Other California Industries Want in on Fast Food’s Job-Killing Minimum Wage Hike

Craig Bannister | May 14, 2024

Now that California’s minimum wage hike for fast food workers has proven itself to be job-killing, business-wrecking and inflationary, other industry sectors in the Golden State are demanding the same.

Last month, on April 1, California’s minimum wage for fast food workers jumped to $20/hour, from the current minimum of $16 for all other workers. In response, some fast food chains, like Pizza Hut, began cutting jobs even before the higher costs kicked in.

Since the April 1 increase, nearly ten thousand fast food jobs have been eliminated in California.

On the other side of the fast food counter, customers are paying more, as the higher costs are passed on by businesses trying to make ends meet. In fact, fast food prices in California are up seven percent – the highest state price increase in the nation.
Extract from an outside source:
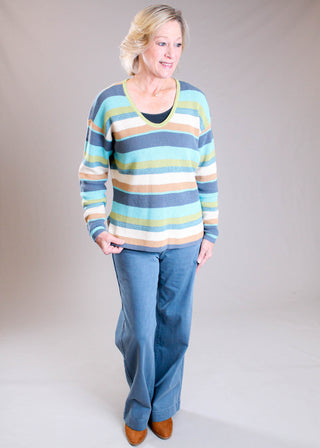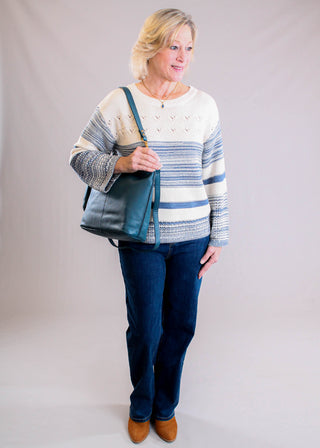 Tribal Sportswear Color Block Bell Sleeve Boat Neck Sweater

Undaunted, labor unions representing hotel, janitorial and convention workers in San Diego are now demanding that their mandated minimum wage be raised to $25 an hour – a nearly fifty percent increase in a single year.

Likewise, the state of California has enacted, and is moving forward, with a measure that’s set to raise the minimum wage for hospital workers, including gift shop cashiers and cleaners, to $25 an hour.

Not to be outdone, groups like One Fair Wage are calling for California to raise the statewide mandatory wage for workers in all industries to the $20 minimum that’s currently devastating the fast food sector.

It’s not like California has no way of knowing the consequences of mandating higher minimum wages, on either a piecemeal or statewide scale. A 2022 University of California, Irvine (UCI) study found a “strong negative relationship between minimum wage increases and employment,” as UCI Economist Deumark explains:

“This means, for example, that a $1 increase in the minimum wage in California would cause a loss of 22,000 jobs in the restaurant industry in the short term, and a cumulative loss of about 63,000 jobs after four years.”

And studies conducted for the West Hollywood City Council in 2024 found that the city’s previous increase in the minimum wage and paid time off mandates cost 22 percent of hourly workers their jobs and hurt 42 percent of employers.